Пожалуй, единственное, в чём согласны Ярвин и его старший коллега, так это в том, что «брамины» грубой силе предпочитают soft power. Фрэнсис объясняет это тем, что для эффективного функционирования космополитическое общество потребления требует либерализации норм и разрушения прескриптивных идентичностей, стоящих на пути свободного движения товаров и людей — «перманентной культурной революции», но с человеческим лицом. В таких условиях верх берут реформистски настроенные элиты с нестандартным мышлением: склонные к критике устоявшихся норм, но стыдящиеся применять насилие — ведь легитимность их господства основана на освобождении граждан от институтов принуждения, ассоциируемых с ещё недалёким прошлым. Несмотря на конфликты по поводу образа светлого будущего, у политического, экономического и культурного истеблишмента формируется общий интерес: защита и расширение менеджериальной инфраструктуры (симбиоза государственной бюрократии, крупного бизнеса и сети НПО) — наиболее эффективного инструмента для управления атомизированным постиндустриальным обществом и для дальнейшей его модификации. Но от кого защищаться-то?
Здесь проявляется прозорливость Сэма Фрэнсиса, которого не просто так турнули из респектабельного консервативного движения. Либеральные элиты боятся не тех, кто ностальгирует по «золотому веку» минимального государства, независимого предпринимательства и местного самоуправления, а тех, кто угрожает перехватить контроль над государством (от которого сегодня зависят и бедные, и богатые), усилить его и использовать для борьбы с либеральными патронами и их многообразными клиентами. Немудрено, что «правый» и «левый» мейнстрим старается делегитимизировать, дискредитировать либо запретить национал-популистские движения, представители которых могут быть носителями чуждого и опасного для них майндсета: охранительского, конфронтационного и бескомпромиссного. В теории, эти люди могут мобилизовать экономические и человеческие ресурсы для решения проблем вроде преступности и аномии, отчасти вызванных действиями либеральных элит. Но для этого мягкой силы будет недостаточно.
Собор сам себя раскрыл
Воспринимать Ярвина всерьёз после знакомства с Фрэнсисом сродни опыту прочтения Маркса после просмотра Жижека. All joking aside, несмотря на систематичность и проработанность политической теории Фрэнсиса, она не даёт исчерпывающие ответы на все странности, что происходят с либеральными демократиями. Тем не менее, в отличие от Ярвина, который любит цитировать маргинальных реакционных авторов Старой Европы, Фрэнсис хотя бы держал руку на пульсе и активно синхронизировал свои тексты с современным ему академическим мейнстримом. Возможно, если бы не преждевременная смерть в середине нулевых, он бы цитировал в своём magnum opus политологов, с которыми мы сейчас познакомимся.

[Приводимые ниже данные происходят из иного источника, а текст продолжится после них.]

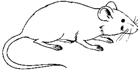
Fig. 2. The black-and-white line drawing depicting the stimulus word mouse .

of the images used in the experiment appears in Fig. 2). Half of the line drawings illustrated words with high C and the other half illustrated words with low C . In each condition, equal numbers of words contained the same initial phoneme.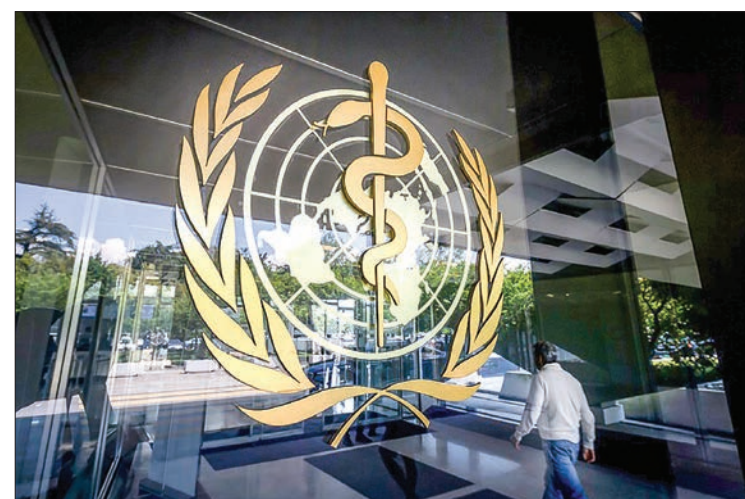
The World Health Organization (WHO) has recognised "compulsive sexual behaviour" as a mental disorder, but is still to establish whether it has an addiction component as drug abuse does.

But even without the addiction label, he said he believed the new categorisation would be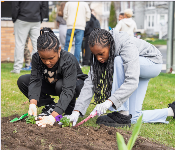
Fifth graders at School 16 planted flowers and cleaned up litter to celebrate Earth Day with the PTA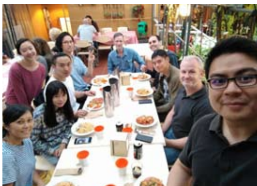
Sharing dinner after training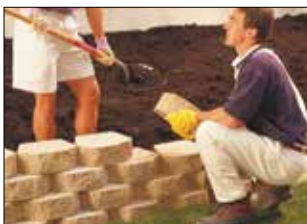
3. Install Additional Courses

Place and level the first Keystone Garden Wall unit. Level each additional unit on the base course as you place it, making sure that the outside edges touch. If your wall contains both straight and curved areas, start with a straight area and build into the curves. Complete the base course before proceeding to the second course.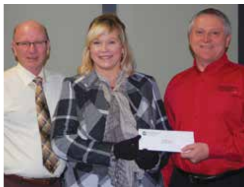
Darke REC gives Operation Round Up grant checks to: (top left) the Gettysburg Fire Department, (top right) Big Brothers Big Sisters, (bottom left) The Center for Neurological Development, and (bottom right) the City of Greenville Parks.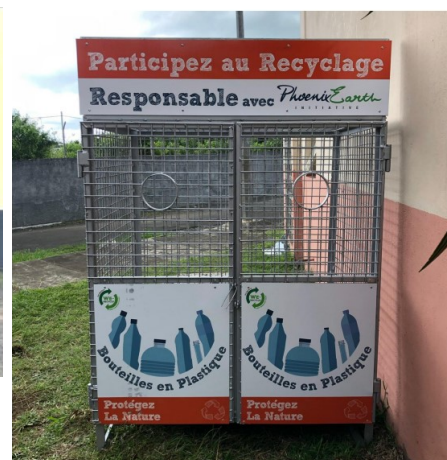
Recycling collection station at Sir Abdool Rahman Osman (SARO) SSS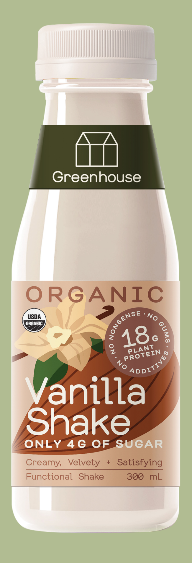
6:30 pm Vanilla Shake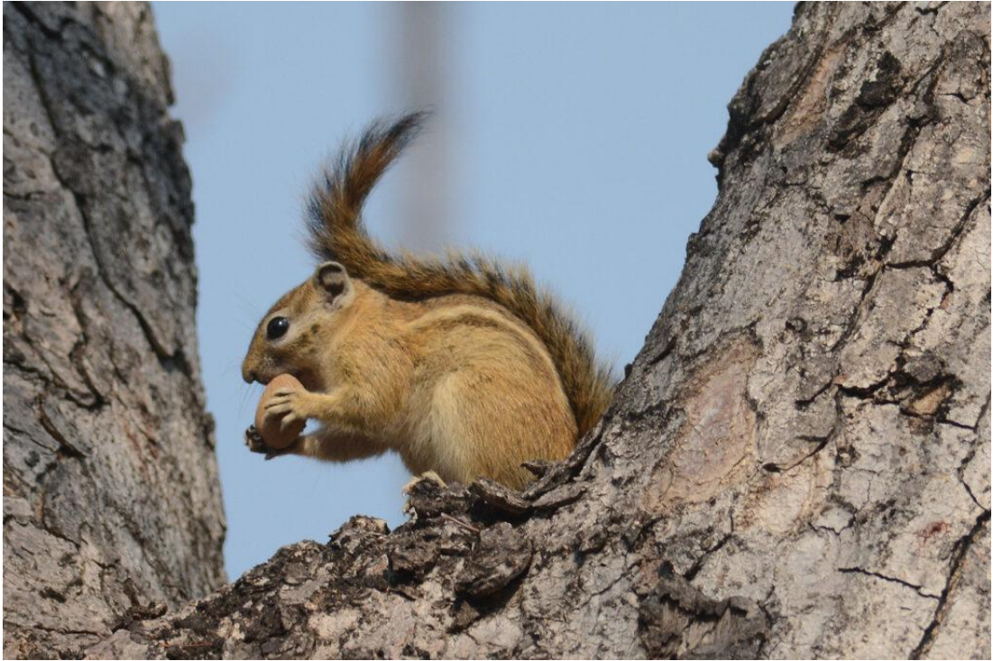
Congo Rope Squirrel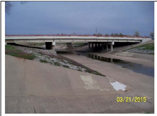
ST/Jenks #5001 74" – 0.01' above, Photo 1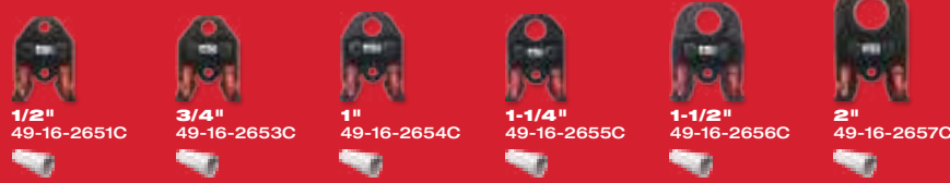
1/2" 49-16-2651C 3/4" 49-16-2653C 1" 49-16-2654C 1-1/4" 49-16-2655C 1-1/2" 49-16-2656C 2" 49-16-2657C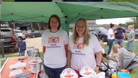
Family Fun Day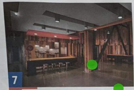
7 Craft Production (e.g. Distillery or Commercial Kitchen)

CUSHMAN AND ADAMS SUBSTATIONS FUTURE USE STUDY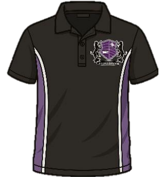
ABK PE Top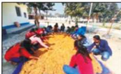
ELP on Mushroom, TCA, Dholi Centre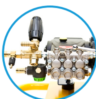
Adjustable Pressure Regulator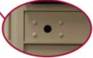
Convenient solid aluminum integrated outgoing mail collection compartment prepped for USPS Arrow Lock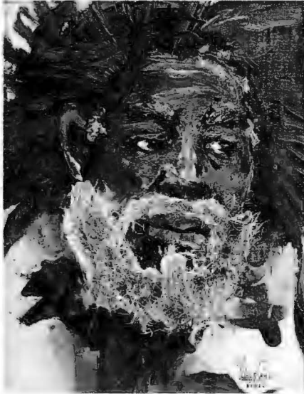
Patrick Noze Premier Pitit Acrylic on Canvas 16" x 20" $1,500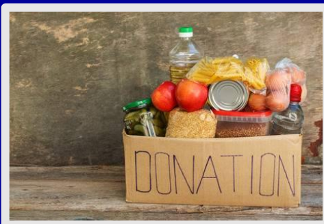
Grocery Hamper Collection for our Ground Staff

Just a friendly reminder that we're currently gathering donations to create grocery hampers for our dedicated Ground Staff, who work tirelessly to maintain the cleanliness of our classrooms, restrooms, and school grounds every day. We kindly request your support for this food drive as a small gesture of our appreciation for the invaluable behind-the-scenes work they do day in and day out. Your support is immensely appreciated.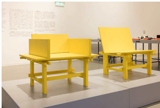
"MAX +1,5° Celsius", Atelier Ferraro, Convertible furniture

Systemic Design examines the network of interconnections a project establishes in order to achieve its objectives. This includes relationships for acquiring necessary resources, generating outcomes and outputs, and fostering inclusive, sustainable and circular processes. Particular attention is paid to interactions within the supply chain and how resources are utilised, with the goal of promoting development models that create positive system-wide impacts.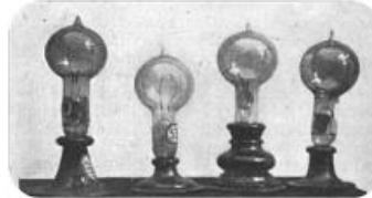
The electric light bulb - 1879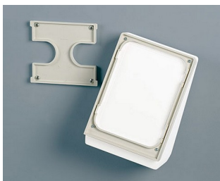
B4154307 Wall suspension element S off-white RAL 9002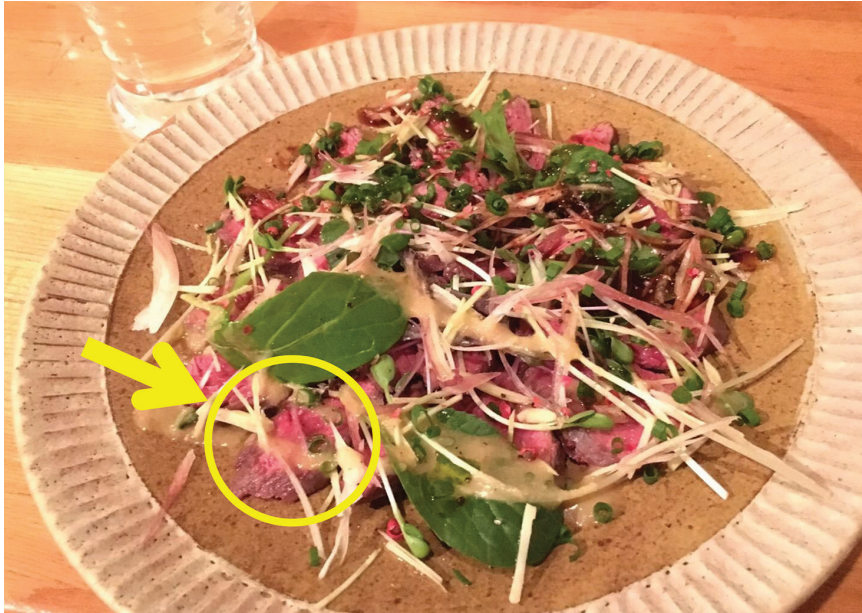
Figure 1. The bear meat dish implicated in an outbreak of Trichinella T9 infection, Japan, December 2016. Bear meat slices are marked with a circle and an arrow.

At the time of initial evaluation, the median eosinophil count was 1.0 \times 10^9/L (range 0.1 \times 10^9/L to 4.3 \times 10^9/L ), and the median creatine kinase level was 147 IU/L (range 57–786 IU/L). All patients were treated with albendazole (200 mg or 400 mg, 2×/d for 10–14 days), with or without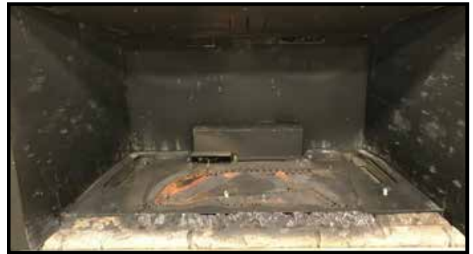
Figure 3. Base Refractory Installed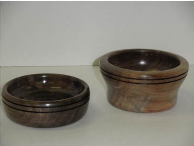
Three inch Walnut Bowls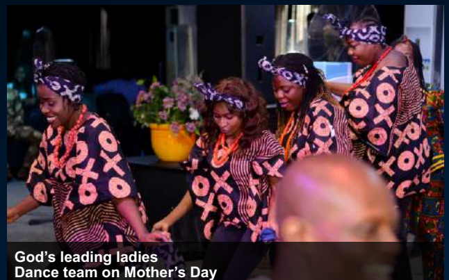
God's leading ladies Dance team on Mother's Day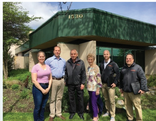
Business Ambassador visit at Active Glass/Pittco

Village Board meetings are generally held on the second and fourth Tuesday of the month at 7:00 p.m.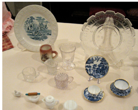
EAPG alphabet plate, china alphabet plate, Coalport trio set, milk glass miniatures, EAPG Lion pitcher, two EAPG cups & mug with house on it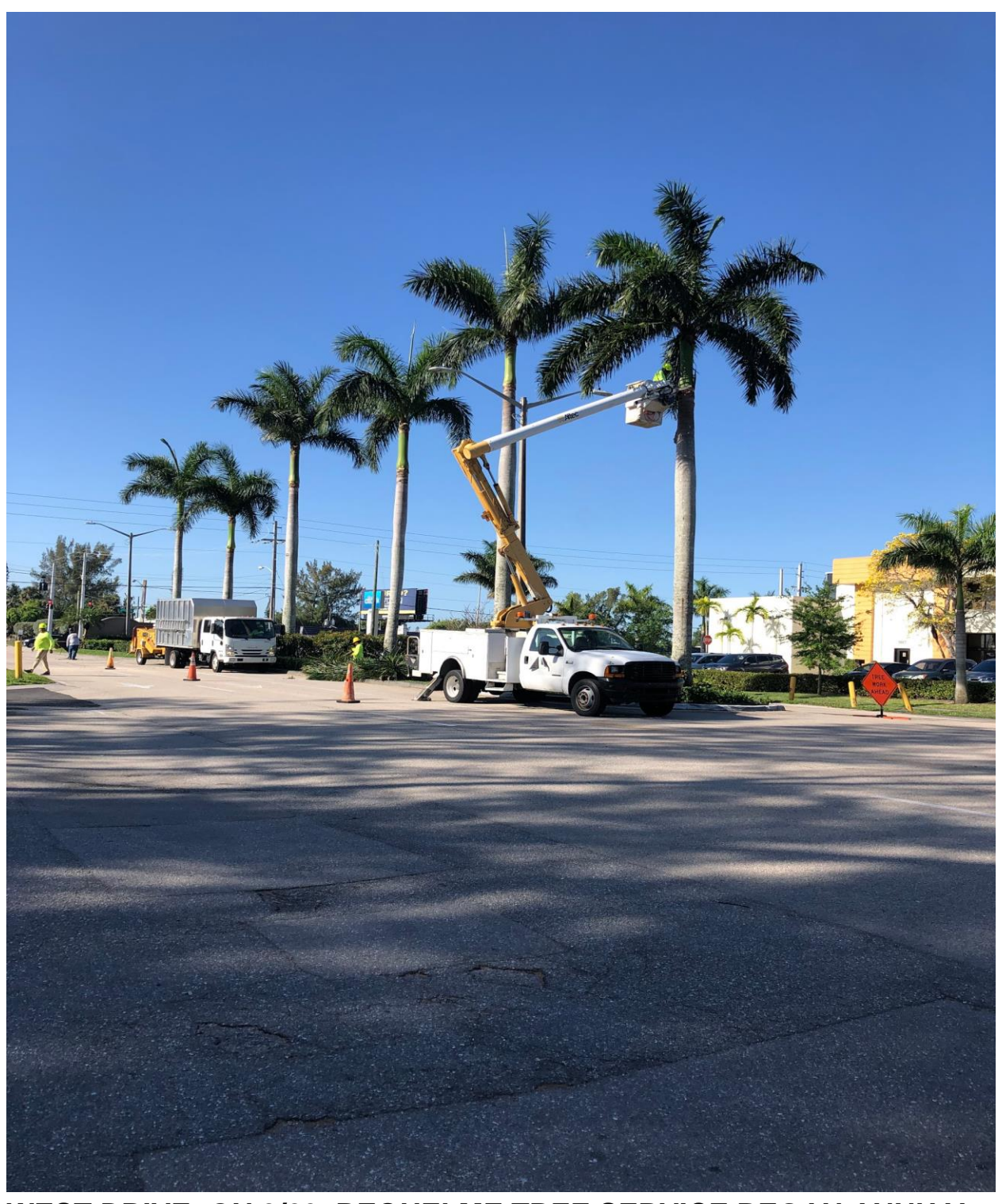
WEST DRIVE- ON 3/29, REQUELME TREE SERVICE BEGAN ANNUAL MAINTENANCE TRIM OF TREES AND PALMS ON UCO OWNED AND MAINTAINED PROPERTY. THIS WORK WILL CONTINUE NEXT WEEK.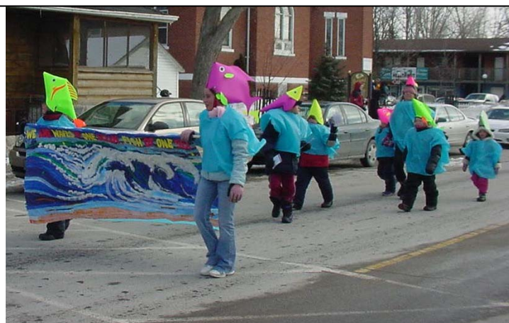
Do what you love and love what you do. The Virtues Class has fun sharing their message of unity in the Winter Carnival Parade.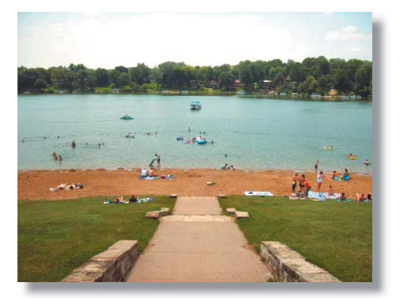
The beach at Lake Macbride State Park in Johnson County is crowded with beachgoers on warm summer days.

If you have gone to the beach or paid attention to the news, you may have heard phrases like "The water is contaminated!" or "Don't go in the water!" Beach monitoring programs, not only in Iowa but across America, try to get out messages about what the real water quality is like. More often than not, however, good news about water quality isn't newsworthy. It is usually after a beach has a high sample result that press releases, newspaper articles, and advisory signs appear, while little notice is paid to the good results for the weeks before and after these intermittent high samples. Because of this challenge, the public often only hears about the bad results at beaches and might be led to conclude that Iowa's beaches are always contaminated and unsafe for swimming.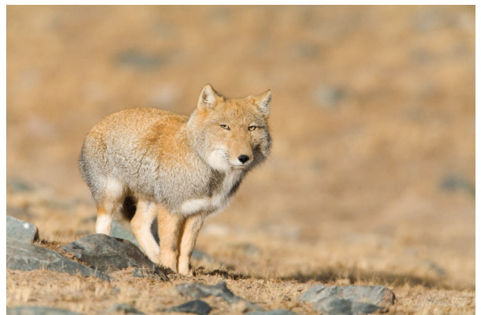
Fig. 1. —An adult Vulpes ferrilata from Qinghai Province, China, about 130 km southwest of Golmud.

References to V. ferrilatus in the literature (e.g., Nie and Liu 2005; Schaller and Ginsberg 2004a; Xu and Gao 1986) reflect Hodgson’s (1842) original spelling that was subsequently corrected for gender (see the synonymy). Przewalski (1883:216) proposed the name Canis ekloni (= Vulpes ekloni ) for a fox that he found in the northern Tibet. Various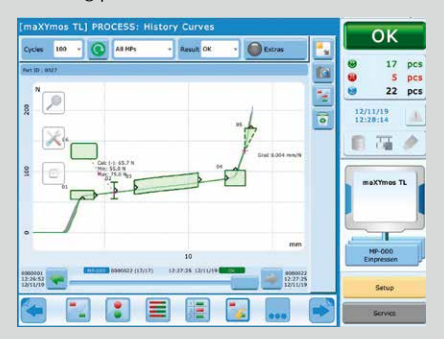
The XY maXYmos monitors oversee and evaluate the quality of a product or production step on the basis of two measured variables in relation to one another

XY monitoring with maXYmos TL (Top Level) and maXYmos BL (Basic Level) for in-process quality monitoring and product testing during joining and mounting processes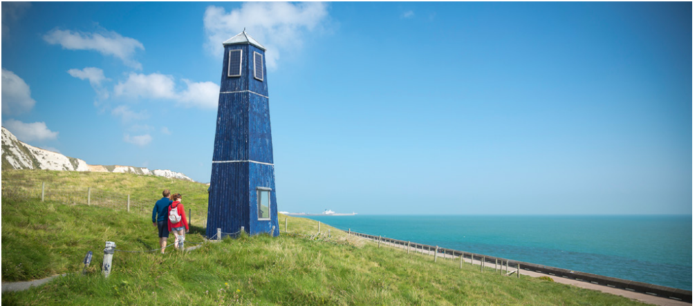
Spectacular views of Saphire Hoe can be seen from the cliff tops.

The walk along the cliff edge gets very narrow. You may prefer to take a small diversion by walking east along Old Dover Road, just inland of the War Memorial. Continue on Dover Road until it meets New Dover Road. At the V junction, walk east along New Dover Road for 50 metres. Then look for the waymarked path on your right between bushes. Take this path to the cliff top, then turn left for spectacular views from Abbot's Cliff 6 .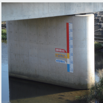
Example: Staff Gauge for River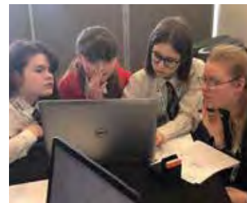
Some of the pupils taking place in the Cyber Treasure Hunt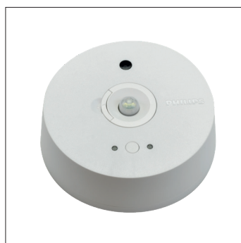
MCS wireless daylight&occ sensor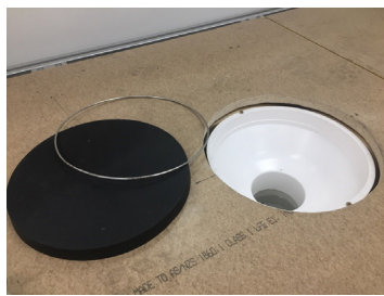
Below floor smart pan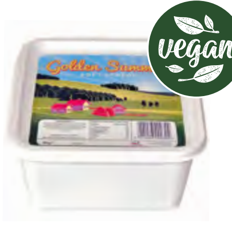
MDBUT04 Golden Spread (Cooking & Baking) *Vegan* 2kg /Tub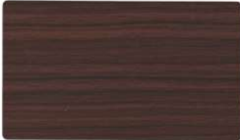
HPL-207 BROWN DUGLAS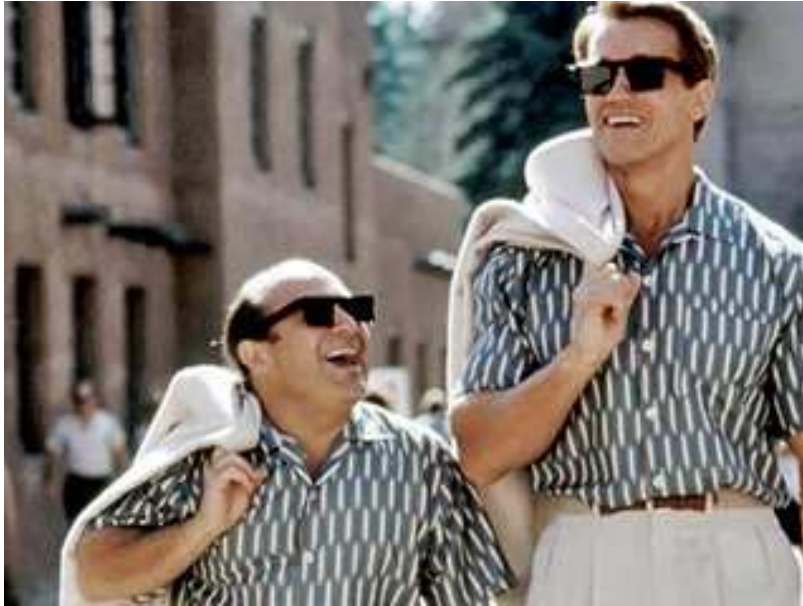
Figure 1: Fraternal (non-identical) twins (publicity still from 1988 film Twins ).

The use of the work ‘twin’ in the context of modelling is actually interesting semantically. Clearly the idea is to suggest a one-to-one relationship or identity between a structure and a model; however, this is unjustified if one refers to biology. According to recent statistics 2 , roughly one in 65 births results in twins; of these, the vast majority are fraternal - or non-identical twins (see Figure 1). Furthermore, opposite-sex twin pairs make up roughly 33% of fraternal twins. In fact, identical twins result from only one in 285 births, and even identical twins have distinct teeth marks and fingerprints. Finally, twins may look identical, but behave in completely different ways.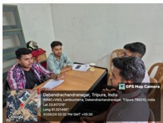
Picture taken during Placement Drive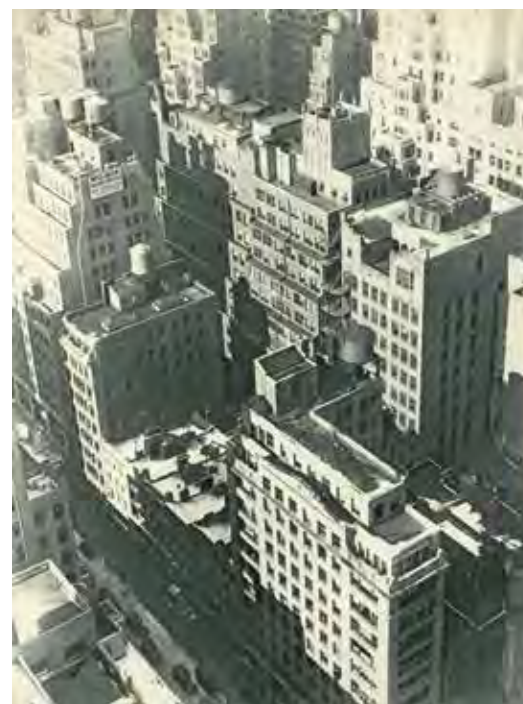
Walker Evans, plates 14 and 87, Die Sachlichkeit in der modernen Kunst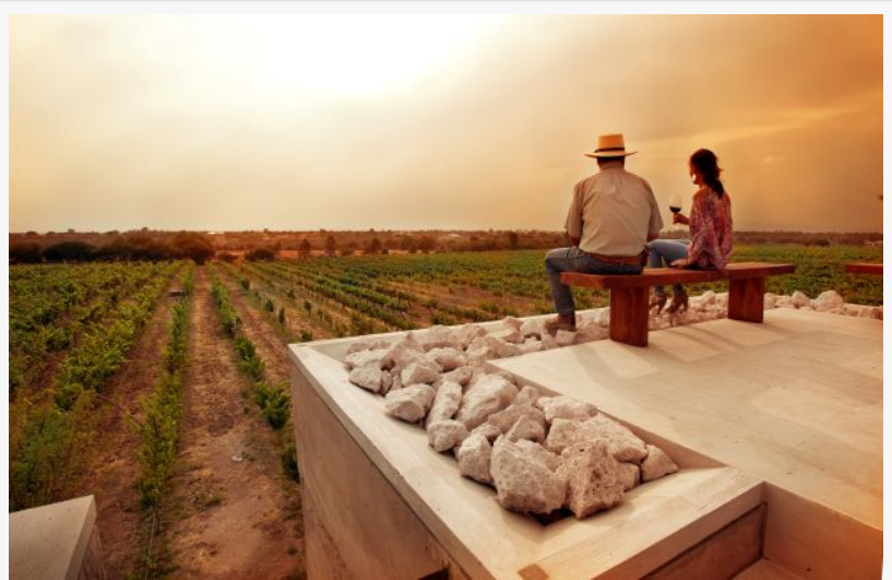
The Guanajuato wine region is vibrant and thriving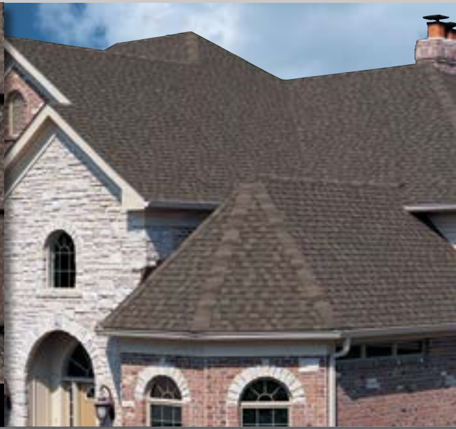
NATURAL TIMBER | AMERICA'S NATURAL COLORS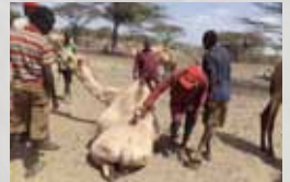
Deworming of livestock for improved animal health

VSF G has been working in Kenya since 1998 to enhance sustainable socio-economic growth and increased resilience amongst pastoralists and agro-pastoralists communities in Arid and Semi-Arid Lands (ASALs). The approach has been to improve food security and livelihoods of this vulnerable population by reducing the impact of drought and livestock diseases and encouraging them to venture into alternative livelihoods. VSF G is also playing a critical role in conflict resolution by facilitating peace talks among warring communities.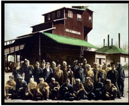
1910 -1954 Active Mining Taking place at George H. Rudy Mine 2003 – Rudy Mine and Farm becomes a part of the Kentucky State Park System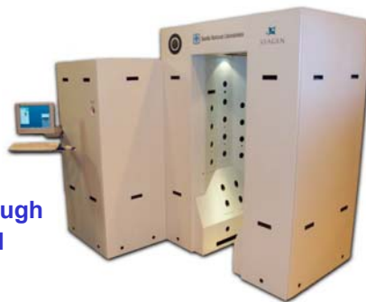
Walk-through Personnel Portal

Среди теоретиков элит есть не только циники-аморалисты типа Бёрнема и Фрэнсиса, но и либеральные академики вроде Джона Хигли. В своей книге «Elite Foundations of Liberal Democracy» он, опираясь на масштабный эмпирический материал, указывает на ряд неочевидных и неприятных истин: 1) представительные демократии создаются по инициативе элит, а не по просьбе трудящихся; 2) у этих элит складывается (не обязательно эксплицитный!) консенсус о ценностях и нормах поведения по отношению друг к другу, что позволяет им сделать политическую борьбу более предсказуемой и безопасной. Приведу фрагмент Хигли, где он с полной невозмутимостью лишает либерализм демократического флёра:
Партийная умеренность (restrained partisanship) — общепринятая норма, согласно которой элиты 1) признают за оппозицией право существовать, быть услышанной, обговаривать содержание проводимой политики, накладывать вето на решения и пользоваться представительством, пропорциональным их влиянию; 2) толерируют несогласие, если консенсуса не удаётся достигнуть; 3) сохраняют значительную автономию по отношению к своему электорату; 4) настаивают на технических и процедурных решениях, а не на вопросах абсолютной правоты или неправоты; 5) действуют в достаточной секретности, чтобы обеспечить гибкость при торгах, выработке компромиссов и поиске инновационных решений.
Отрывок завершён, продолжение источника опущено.